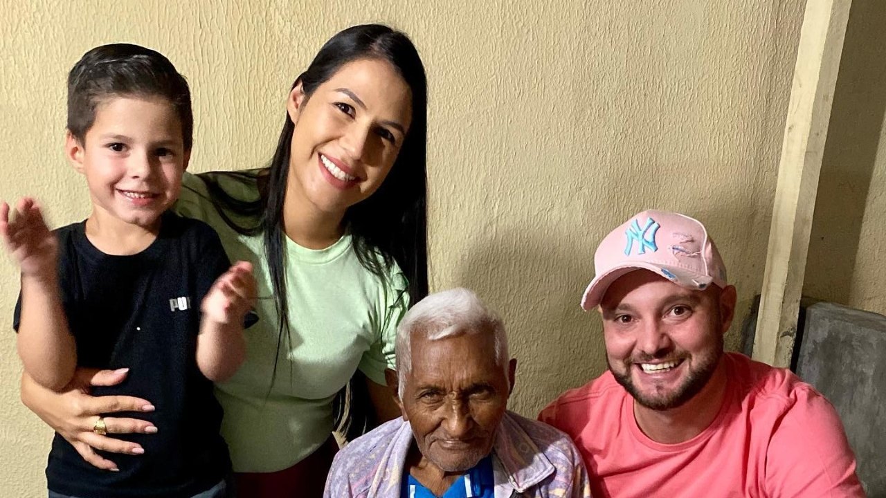 Migrante do Estado de Sergipe, Seu Lucindo nasceu na cidade de Frei Paulo em 21/04/1921 e foi trabalhador rural a vida toda. “Neste sábado ele comemorou 102 anos, completamente lúcido. Se locomove bem, come, toma banho e faz quase tudo sozinho. Adora contar suas histórias do Sergipe e de vida. Ele diz que conheceu pessoalmente quando menino o Lampião e seus comparsas”, disse a neta Natane Corvino, que comemorou o aniversário do avô com seu esposo Diego e o filho Guilherme, que é o xodó do bisavô.
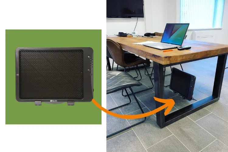 Koude benen en voeten op jouw werkplek? Of onder jouw eettafel? Bij de receptiebalie? Dan is de ELION infrarood werkplekverwarmer dé oplossing voor jou. De Elion past onder vrijwel ieder bureau, receptiebalie of tafel. Met de bijgeleverde voetsteuntjes kan de Elion werkplekverwarming staand worden gebruikt, maar middels de montageplaat ook aan de onderzijde van het blad of aan de wand worden gemonteerd. Leaflet Elion werkplekverwarmer.
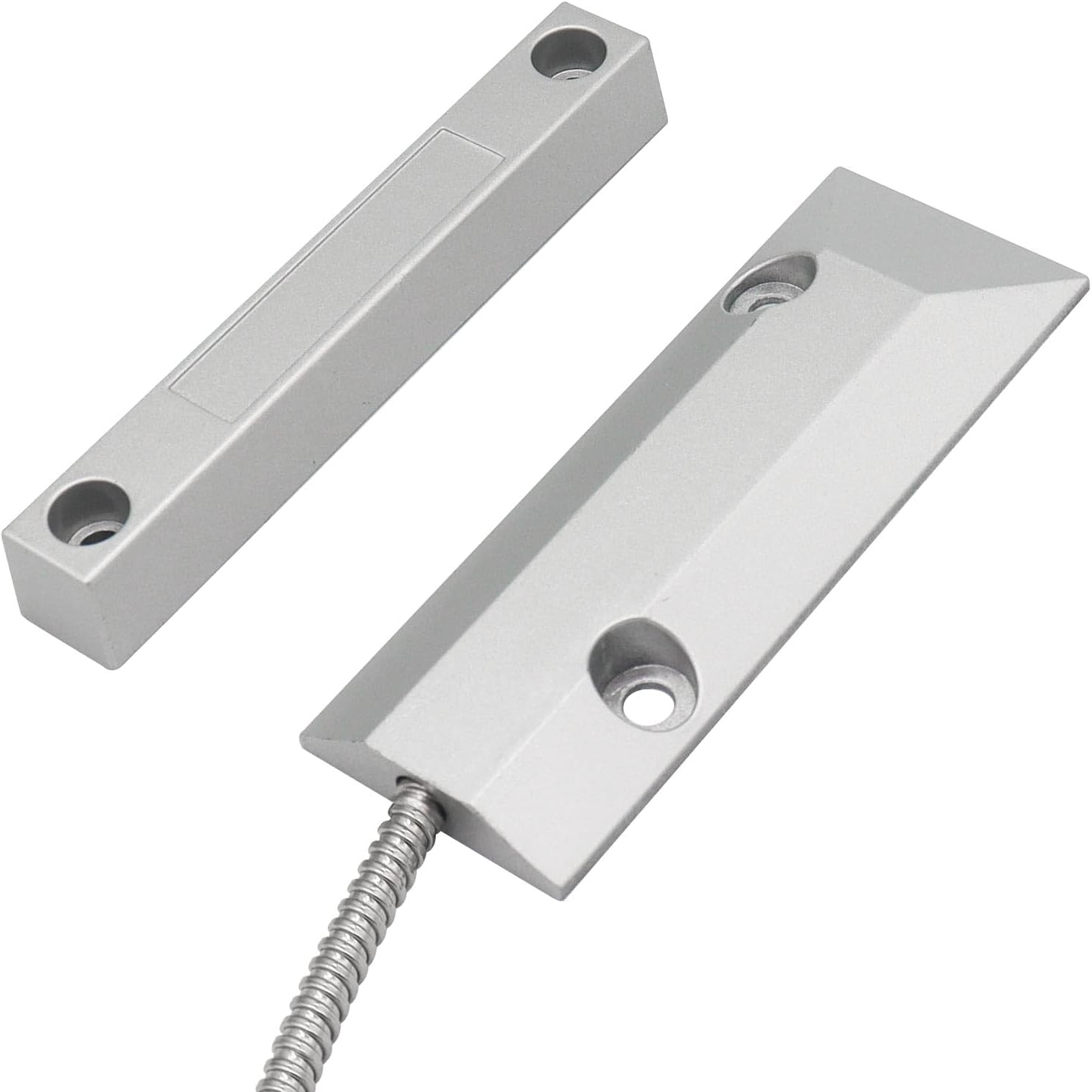 Magnetic Reed Switch Wired Surface Mount Normally Open NO Contact Sensor Alarm Magnetic Door Switch with 2 Wires, Zinc Alloy Sliver, OC-55
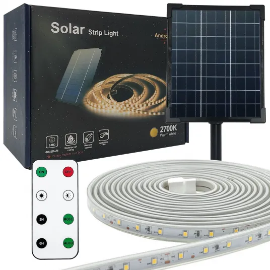 Banda Led Solara Exterior 10 metri 3.2V 4000mAH, Lumina Soarelui in aer liber, 60Leds/M, Telecomanda, 12H timp de lucru, Lumina Calda 2700K

> _DIRECTIONS FOR THIS TASK_
Output the material word for word. Pictures do not go in.

> _REPLY TO THE TASK_
 Migrante do Estado de Sergipe, Seu Lucindo nasceu na cidade de Frei Paulo em 21/04/1921 e foi trabalhador rural a vida toda. “Neste sábado ele comemorou 102 anos, completamente lúcido. Se locomove bem, come, toma banho e faz quase tudo sozinho. Adora contar suas histórias do Sergipe e de vida. Ele diz que conheceu pessoalmente quando menino o Lampião e seus comparsas”, disse a neta Natane Corvino, que comemorou o aniversário do avô com seu esposo Diego e o filho Guilherme, que é o xodó do bisavô.
 Koude benen en voeten op jouw werkplek? Of onder jouw eettafel? Bij de receptiebalie? Dan is de ELION infrarood werkplekverwarmer dé oplossing voor jou. De Elion past onder vrijwel ieder bureau, receptiebalie of tafel. Met de bijgeleverde voetsteuntjes kan de Elion werkplekverwarming staand worden gebruikt, maar middels de montageplaat ook aan de onderzijde van het blad of aan de wand worden gemonteerd. Leaflet Elion werkplekverwarmer.
 Magnetic Reed Switch Wired Surface Mount Normally Open NO Contact Sensor Alarm Magnetic Door Switch with 2 Wires, Zinc Alloy Sliver, OC-55
 Banda Led Solara Exterior 10 metri 3.2V 4000mAH, Lumina Soarelui in aer liber, 60Leds/M, Telecomanda, 12H timp de lucru, Lumina Calda 2700K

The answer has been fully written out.